_Problem requirements:_
Produce an exact transcription of the data, with the images left out.

_Information provided:_
########################################

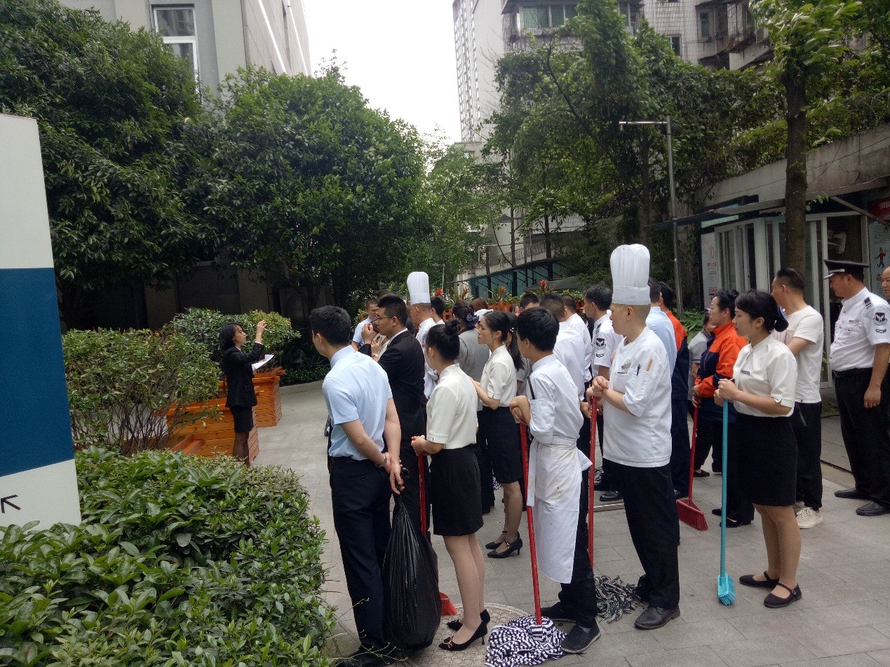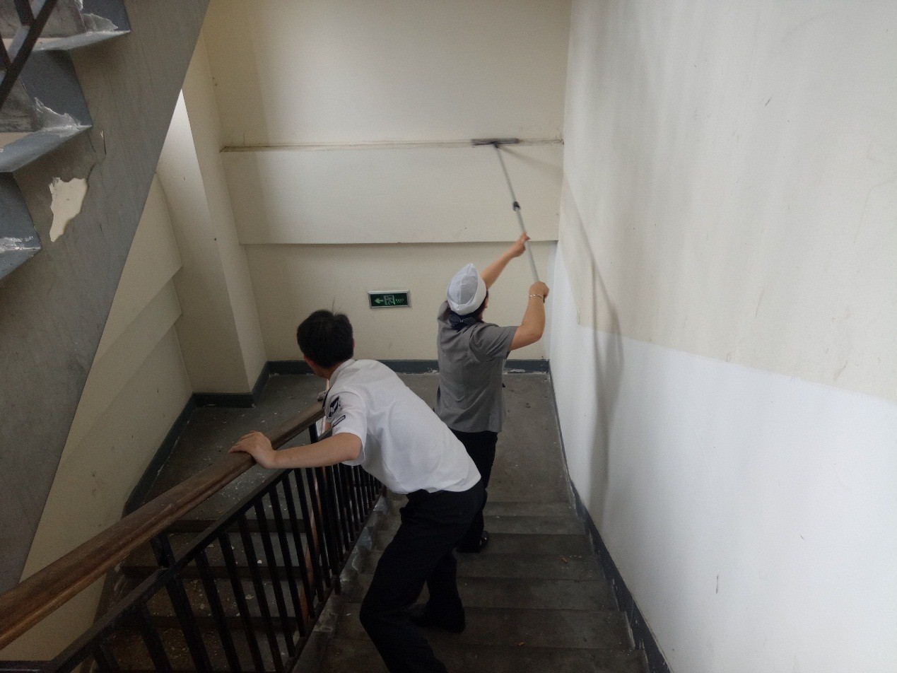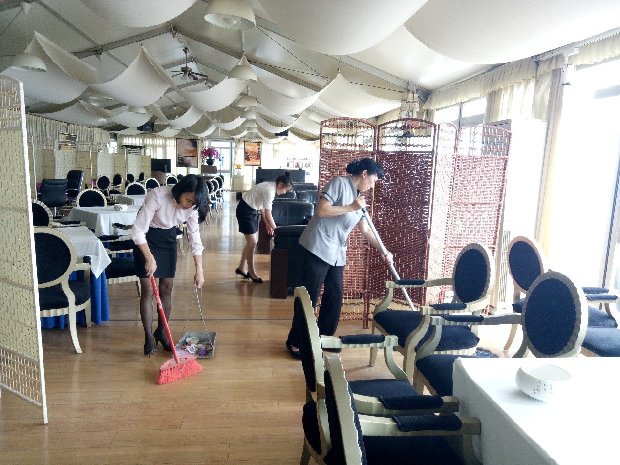自2015年4月29日开始,润邦国际酒店有了属于我们的自己“劳动日”。2019年4月28日已经是酒店的第五个劳动日,当天下午13:00各部门劳动代表集合于酒店西通道,由行政人事部根据提前安排好的人员及卫生清洁工具迅速分配开来。 13:30劳动日大扫除正式开始,今年大扫除划分区域有刚经过蜕变,正在开荒中的贵宾楼层、在酒店装修期间尘土飞扬的1/2/3/4号消防楼梯及酒店最高处的屋顶大茶房。抹尘、拖地、扫灰、提水、搬运,大家对任何一个角落都不放过,经过2个多小时拖把、扫把及欢声笑语的交错“战斗”,各区域已再现整洁。 经历了一翻体力劳动,大家虽已身心疲惫,但却充满了成就感,纷纷表示:看着自己的劳动成果,心里很美!
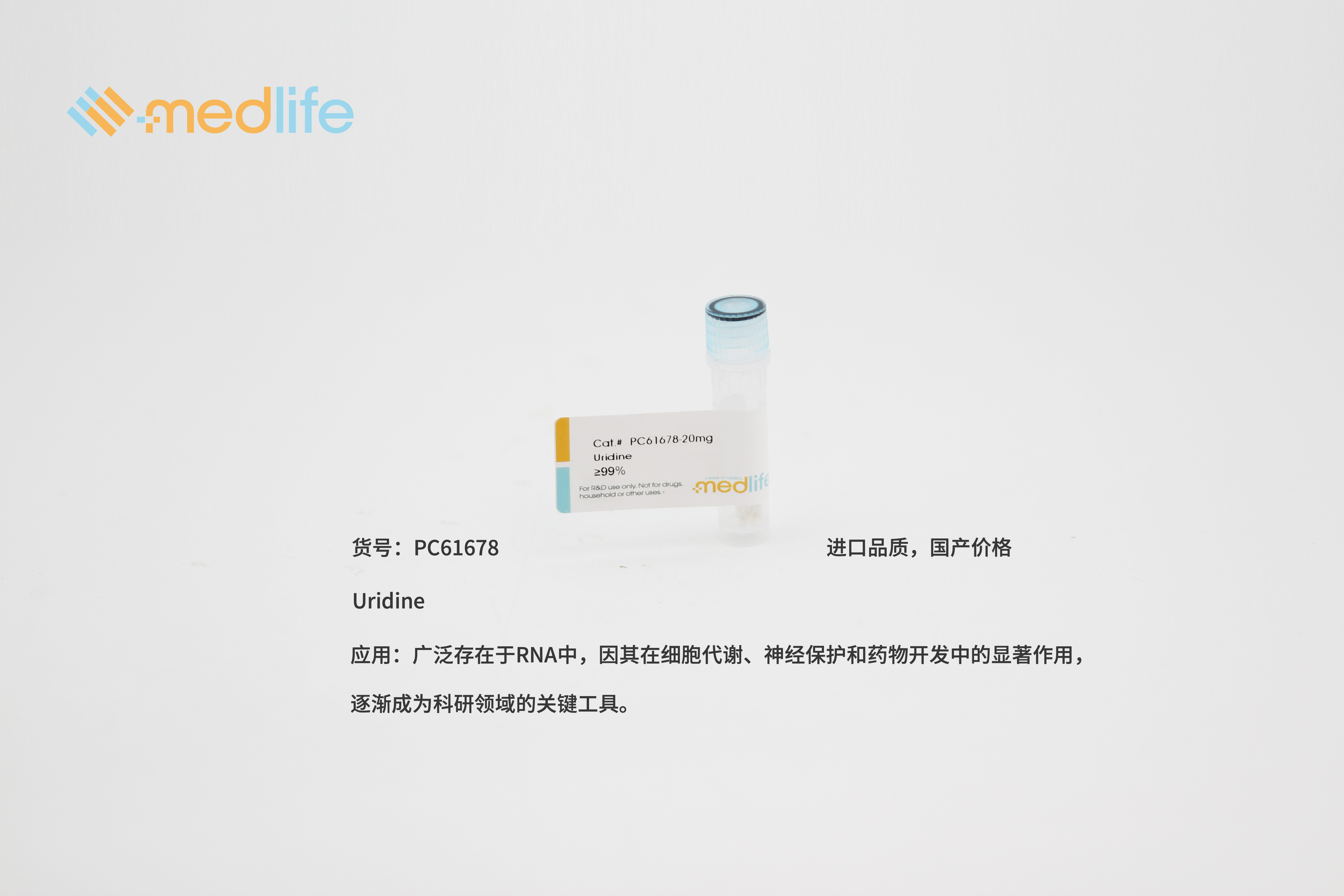 Uridine (β-Uridine) 是一种核苷化合物, 由尿嘧啶与核糖环组成, 两者由β-N1-配糖键相连。Uridine (β-Uridine) 是一种核苷化合物, 由尿嘧啶与核糖环组成, 两者由β-N1-配糖键相连。
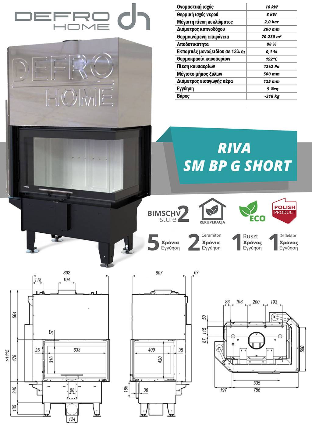 Ενεργειακό Τζάκι καλοριφέρ Defro Home Riva SM BP G Short

########################################

_Response to this task:_
自2015年4月29日开始,润邦国际酒店有了属于我们的自己“劳动日”。2019年4月28日已经是酒店的第五个劳动日,当天下午13:00各部门劳动代表集合于酒店西通道,由行政人事部根据提前安排好的人员及卫生清洁工具迅速分配开来。 13:30劳动日大扫除正式开始,今年大扫除划分区域有刚经过蜕变,正在开荒中的贵宾楼层、在酒店装修期间尘土飞扬的1/2/3/4号消防楼梯及酒店最高处的屋顶大茶房。抹尘、拖地、扫灰、提水、搬运,大家对任何一个角落都不放过,经过2个多小时拖把、扫把及欢声笑语的交错“战斗”,各区域已再现整洁。 经历了一翻体力劳动,大家虽已身心疲惫,但却充满了成就感,纷纷表示:看着自己的劳动成果,心里很美!
 Uridine (β-Uridine) 是一种核苷化合物, 由尿嘧啶与核糖环组成, 两者由β-N1-配糖键相连。Uridine (β-Uridine) 是一种核苷化合物, 由尿嘧啶与核糖环组成, 两者由β-N1-配糖键相连。
 Ενεργειακό Τζάκι καλοριφέρ Defro Home Riva SM BP G Short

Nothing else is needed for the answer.